_TASK PROMPT_:
Would you please write out only the lines running from the top of the listing through the one holding "masterpiece, best quality, extremely", exactly, with both ends kept and pictures left out?

_MATERIAL SHOWN_:

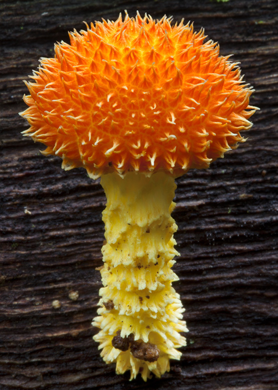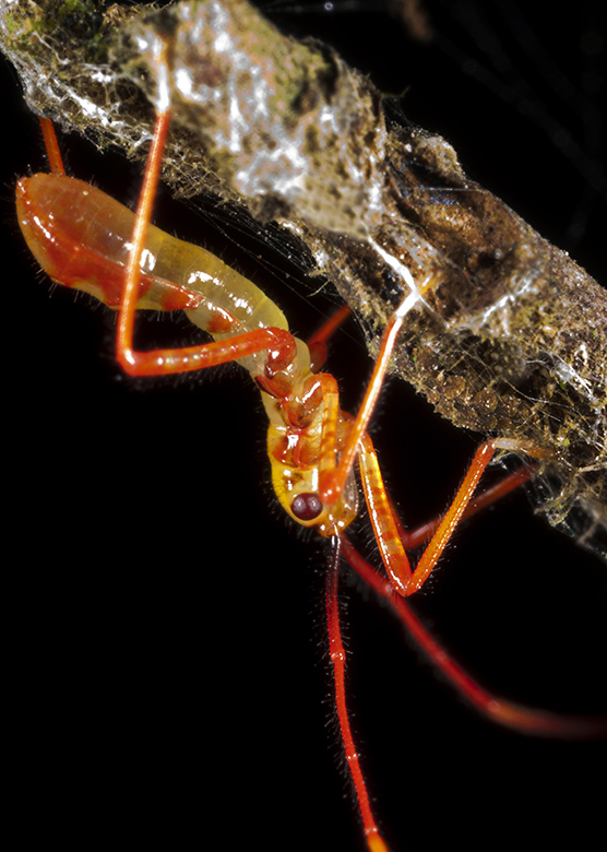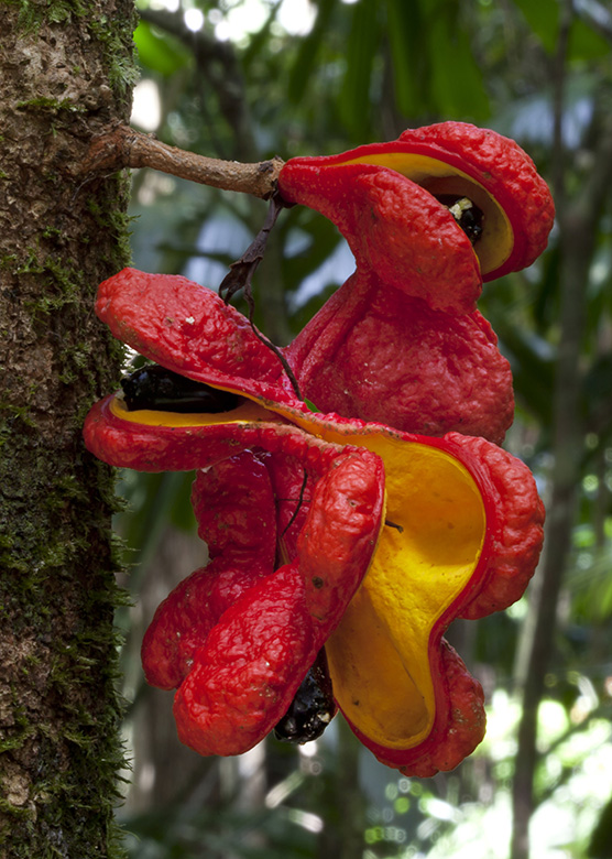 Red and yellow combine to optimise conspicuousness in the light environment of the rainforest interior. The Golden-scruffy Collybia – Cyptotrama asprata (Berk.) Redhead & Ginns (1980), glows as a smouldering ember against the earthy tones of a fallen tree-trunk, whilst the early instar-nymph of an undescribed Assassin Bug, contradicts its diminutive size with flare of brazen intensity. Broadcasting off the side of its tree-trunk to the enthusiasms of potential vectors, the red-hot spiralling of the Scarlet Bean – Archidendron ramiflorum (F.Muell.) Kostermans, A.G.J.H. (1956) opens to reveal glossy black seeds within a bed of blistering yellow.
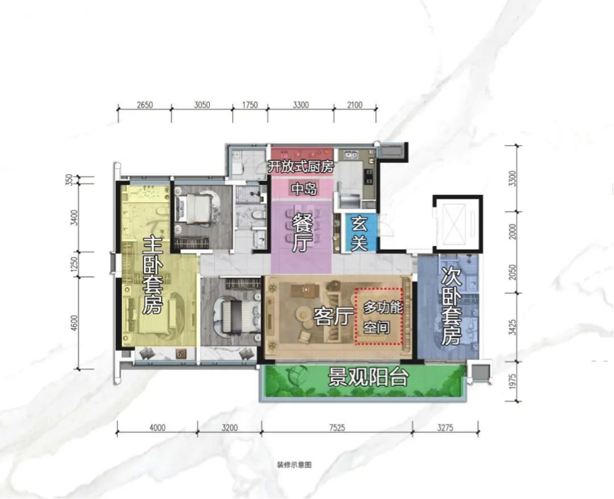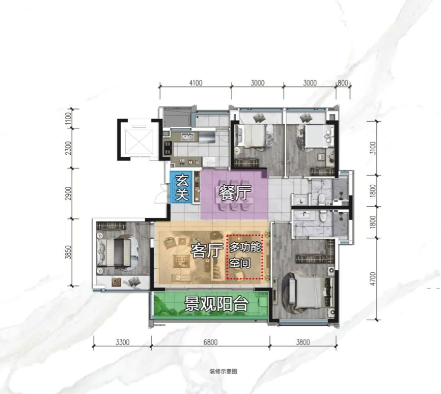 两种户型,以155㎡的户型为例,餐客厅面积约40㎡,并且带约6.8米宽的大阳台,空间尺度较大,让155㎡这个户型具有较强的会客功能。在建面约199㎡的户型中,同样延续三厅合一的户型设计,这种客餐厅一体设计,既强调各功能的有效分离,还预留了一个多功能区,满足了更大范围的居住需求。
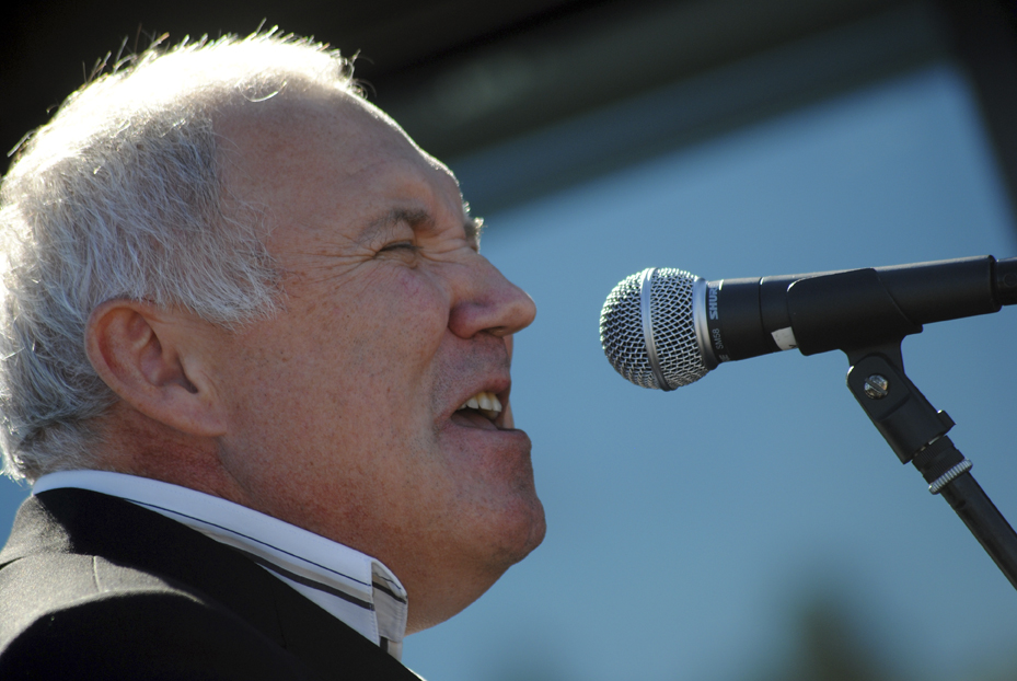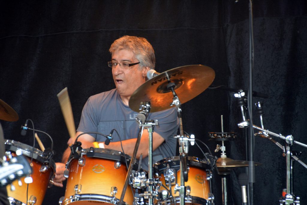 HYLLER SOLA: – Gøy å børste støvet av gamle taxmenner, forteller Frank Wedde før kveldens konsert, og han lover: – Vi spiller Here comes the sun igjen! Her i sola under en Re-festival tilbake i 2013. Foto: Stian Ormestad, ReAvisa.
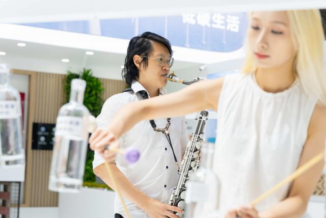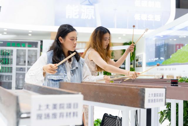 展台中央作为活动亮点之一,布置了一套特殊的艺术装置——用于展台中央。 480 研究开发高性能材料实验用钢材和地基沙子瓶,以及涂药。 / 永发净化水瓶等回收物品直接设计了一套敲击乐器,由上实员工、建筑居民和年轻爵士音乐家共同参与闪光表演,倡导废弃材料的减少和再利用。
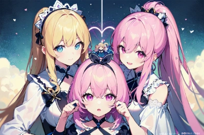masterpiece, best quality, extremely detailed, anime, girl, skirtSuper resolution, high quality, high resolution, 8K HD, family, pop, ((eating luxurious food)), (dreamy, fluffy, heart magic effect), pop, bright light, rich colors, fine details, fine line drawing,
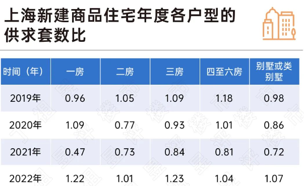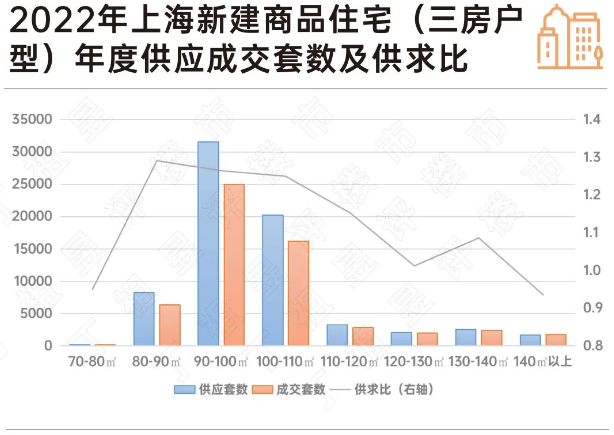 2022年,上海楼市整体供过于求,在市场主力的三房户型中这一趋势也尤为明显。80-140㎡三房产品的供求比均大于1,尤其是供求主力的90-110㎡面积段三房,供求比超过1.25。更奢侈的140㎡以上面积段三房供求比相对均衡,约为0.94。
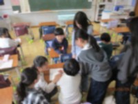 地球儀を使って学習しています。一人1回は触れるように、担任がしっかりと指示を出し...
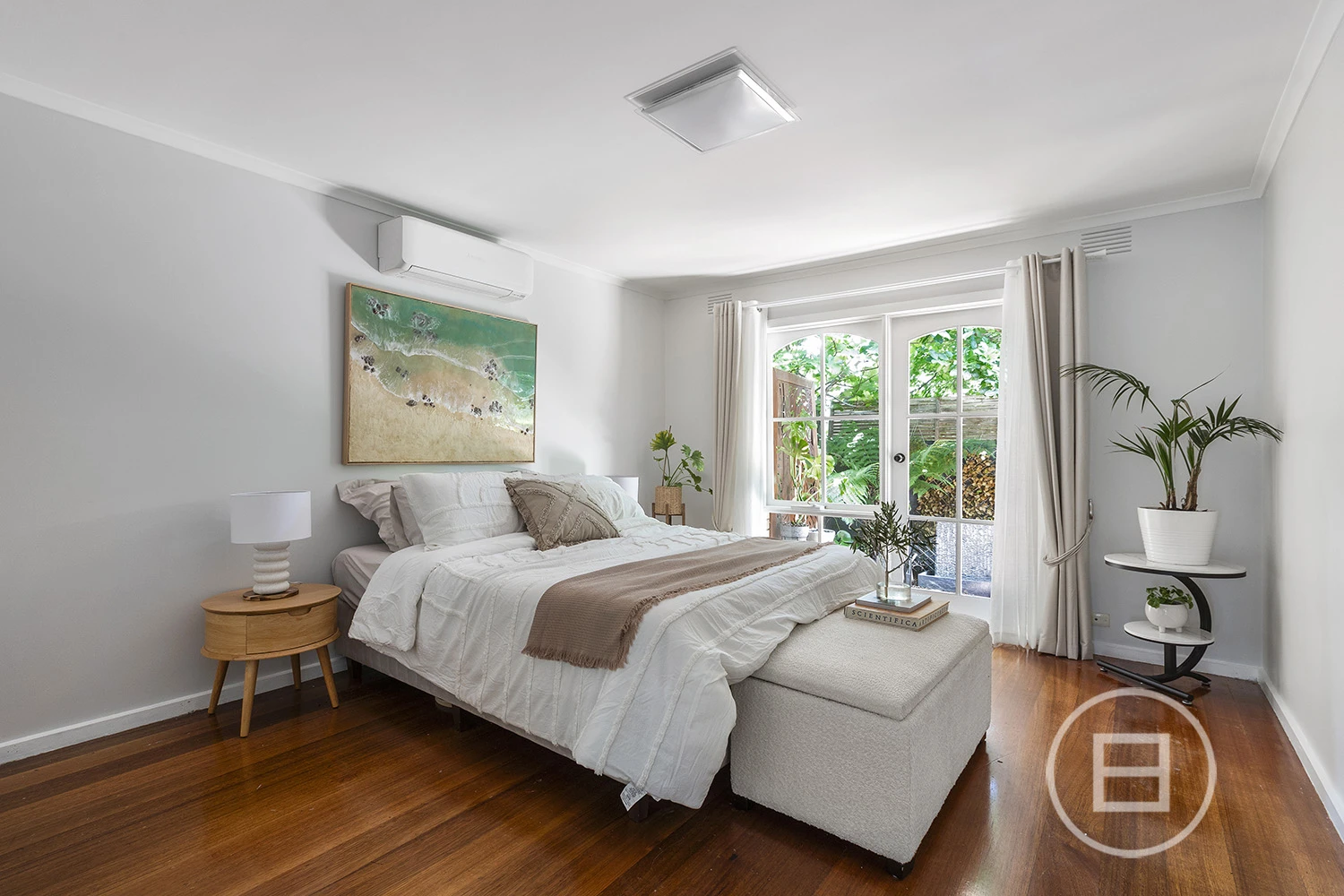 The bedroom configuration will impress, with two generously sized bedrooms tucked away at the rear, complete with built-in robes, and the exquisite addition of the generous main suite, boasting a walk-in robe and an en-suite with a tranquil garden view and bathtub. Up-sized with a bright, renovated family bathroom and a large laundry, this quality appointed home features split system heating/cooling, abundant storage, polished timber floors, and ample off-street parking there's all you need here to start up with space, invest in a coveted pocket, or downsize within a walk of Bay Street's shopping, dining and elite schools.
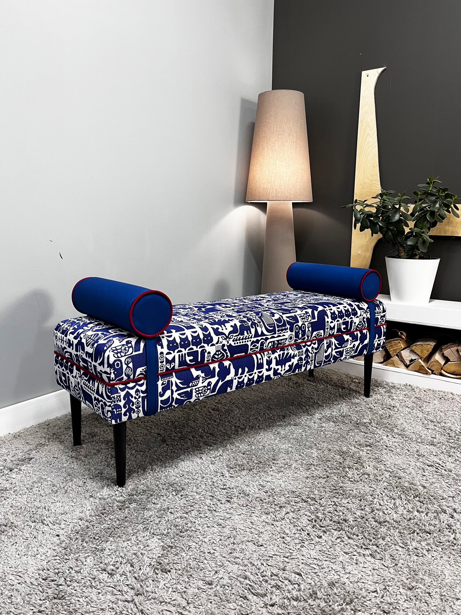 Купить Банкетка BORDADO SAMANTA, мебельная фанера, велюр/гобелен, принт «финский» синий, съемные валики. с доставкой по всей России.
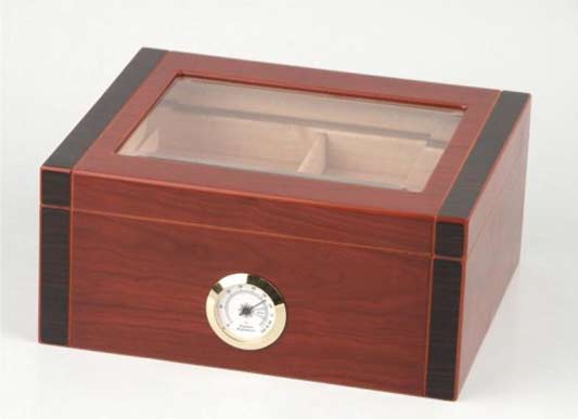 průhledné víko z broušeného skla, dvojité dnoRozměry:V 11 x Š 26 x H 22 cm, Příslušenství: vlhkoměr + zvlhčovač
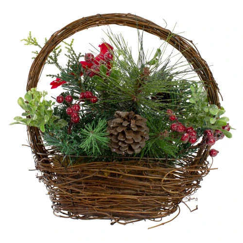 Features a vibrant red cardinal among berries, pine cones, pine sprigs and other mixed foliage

_RESPONSE BOX_:
 Red and yellow combine to optimise conspicuousness in the light environment of the rainforest interior. The Golden-scruffy Collybia – Cyptotrama asprata (Berk.) Redhead & Ginns (1980), glows as a smouldering ember against the earthy tones of a fallen tree-trunk, whilst the early instar-nymph of an undescribed Assassin Bug, contradicts its diminutive size with flare of brazen intensity. Broadcasting off the side of its tree-trunk to the enthusiasms of potential vectors, the red-hot spiralling of the Scarlet Bean – Archidendron ramiflorum (F.Muell.) Kostermans, A.G.J.H. (1956) opens to reveal glossy black seeds within a bed of blistering yellow.
 两种户型,以155㎡的户型为例,餐客厅面积约40㎡,并且带约6.8米宽的大阳台,空间尺度较大,让155㎡这个户型具有较强的会客功能。在建面约199㎡的户型中,同样延续三厅合一的户型设计,这种客餐厅一体设计,既强调各功能的有效分离,还预留了一个多功能区,满足了更大范围的居住需求。
 HYLLER SOLA: – Gøy å børste støvet av gamle taxmenner, forteller Frank Wedde før kveldens konsert, og han lover: – Vi spiller Here comes the sun igjen! Her i sola under en Re-festival tilbake i 2013. Foto: Stian Ormestad, ReAvisa.
 展台中央作为活动亮点之一,布置了一套特殊的艺术装置——用于展台中央。 480 研究开发高性能材料实验用钢材和地基沙子瓶,以及涂药。 / 永发净化水瓶等回收物品直接设计了一套敲击乐器,由上实员工、建筑居民和年轻爵士音乐家共同参与闪光表演,倡导废弃材料的减少和再利用。
masterpiece, best quality, extremely detailed, anime, girl, skirtSuper resolution, high quality, high resolution, 8K HD, family, pop, ((eating luxurious food)), (dreamy, fluffy, heart magic effect), pop, bright light, rich colors, fine details, fine line drawing,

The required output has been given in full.